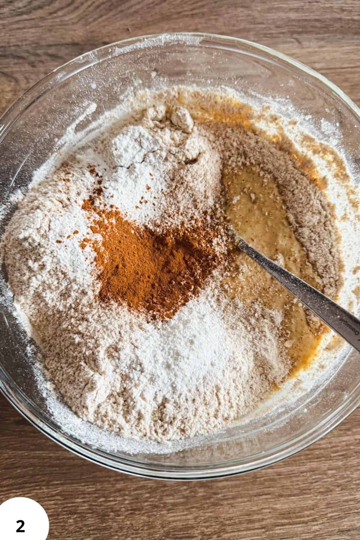 Step 2: Add the fresh milled flour, baking powder, salt, and cinnamon (Image 2). Stir just until everything comes together. Don’t overmix.
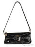 Внутри карман на молнии и небольшой кармашек для мелочей. Прилагается небольшой ремешок для руки и плечевой ремешок.
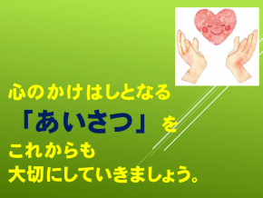 今週のテーマは「あいさつは魔法のことば~心のこもったあいさつ!気持ちのいい元気なあいさつ!あいさつは心をつなぐ魔法の言葉!」でした。
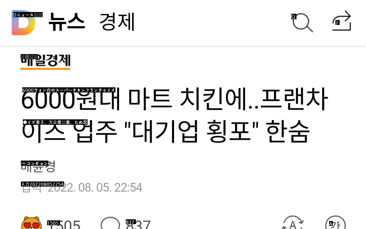 ●6000ウォン台のスーパー、チキンフランチャイズ事業主、大企業横暴、ため息
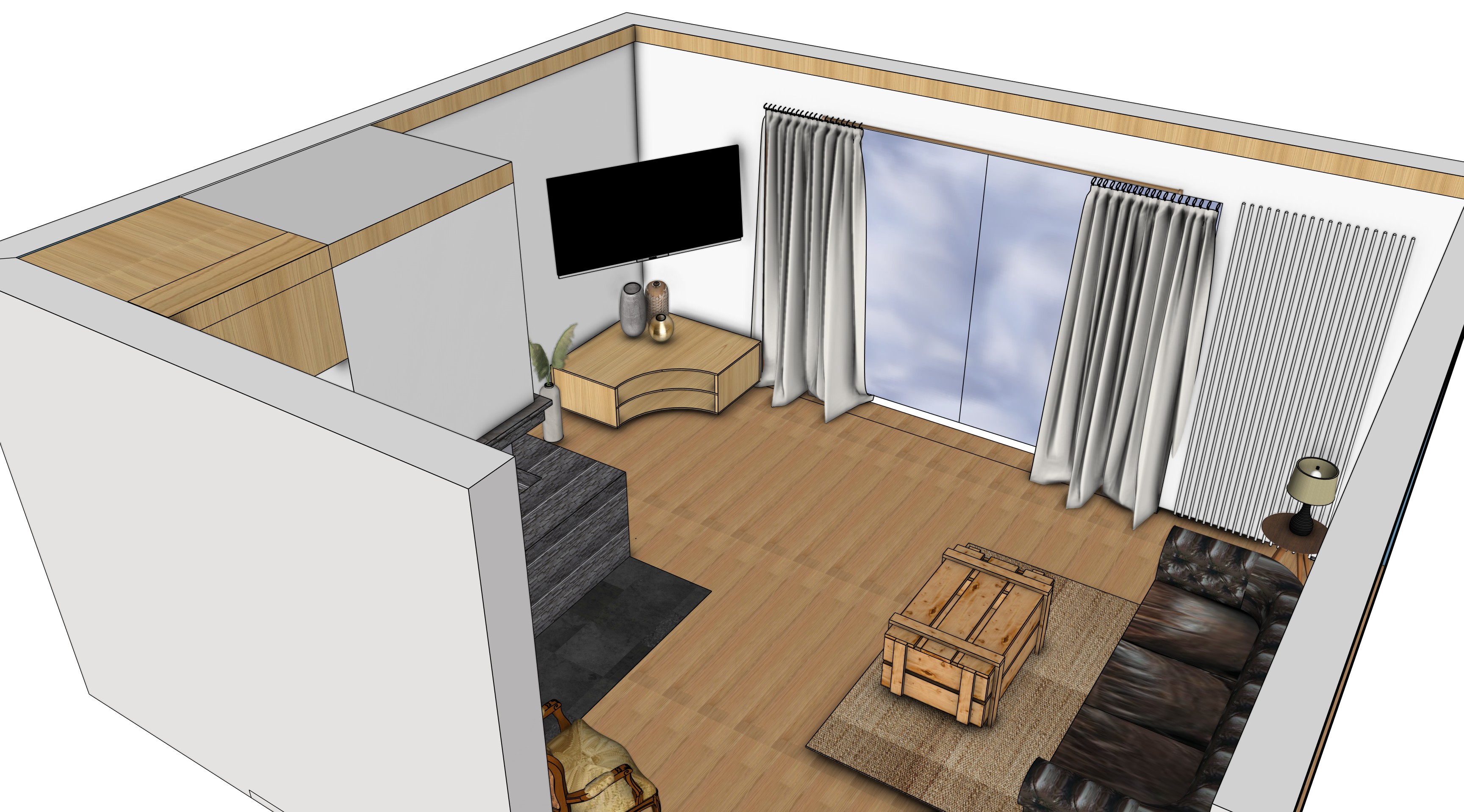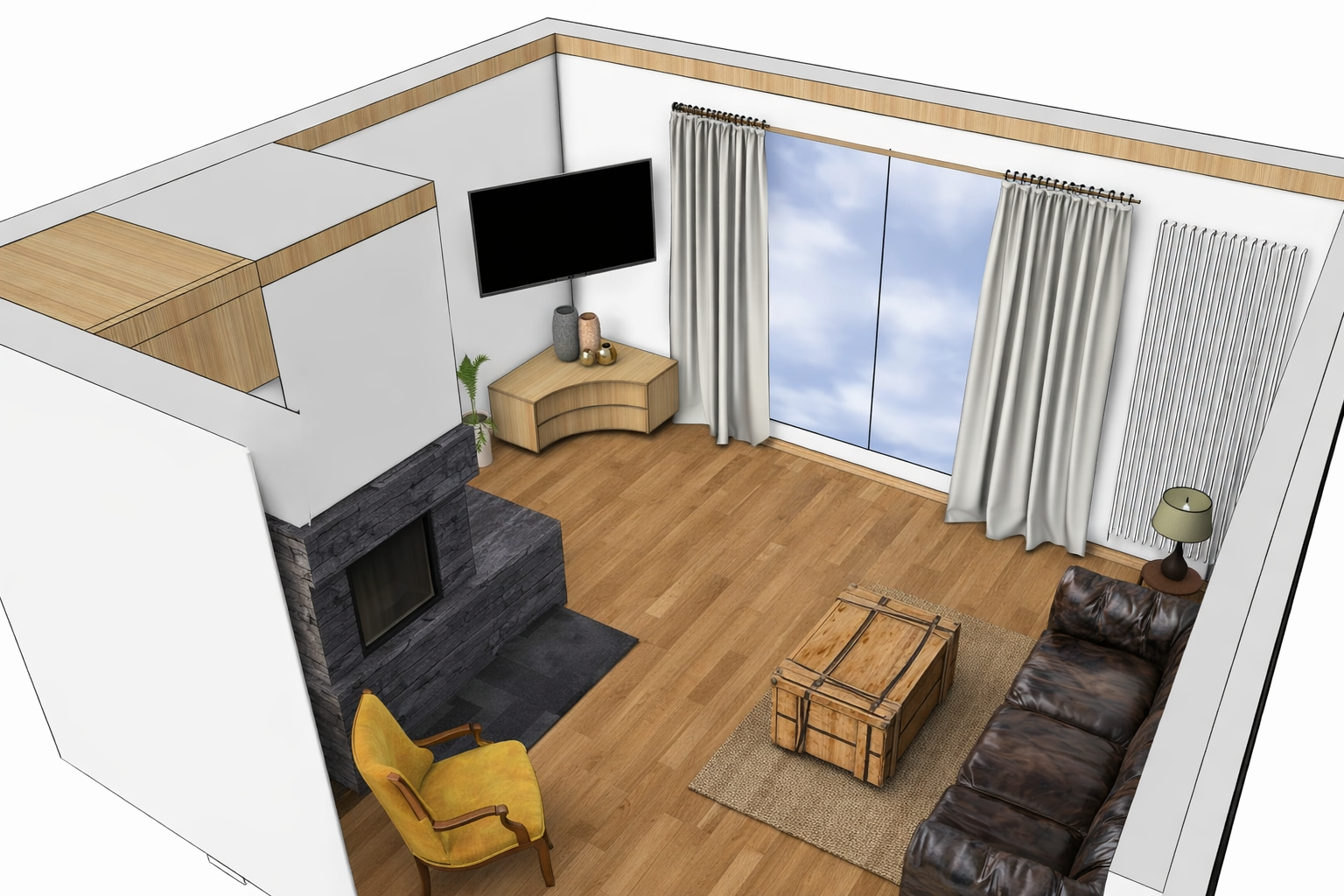 salon sol parquet en ch ne chemin e en pierre noire vitr e sur la droite murs blancs meuble d angle en bois sous la tv canap cuir marron vintage chaise jaune

§

ASSIGNMENT => Word for word, restate the lines from the line with "Внутри карман на" through the last line of the entries, and nothing beyond them. Omit pictures.

ANSWER SECTION =>
 Внутри карман на молнии и небольшой кармашек для мелочей. Прилагается небольшой ремешок для руки и плечевой ремешок.
 今週のテーマは「あいさつは魔法のことば~心のこもったあいさつ!気持ちのいい元気なあいさつ!あいさつは心をつなぐ魔法の言葉!」でした。
 ●6000ウォン台のスーパー、チキンフランチャイズ事業主、大企業横暴、ため息
 salon sol parquet en ch ne chemin e en pierre noire vitr e sur la droite murs blancs meuble d angle en bois sous la tv canap cuir marron vintage chaise jaune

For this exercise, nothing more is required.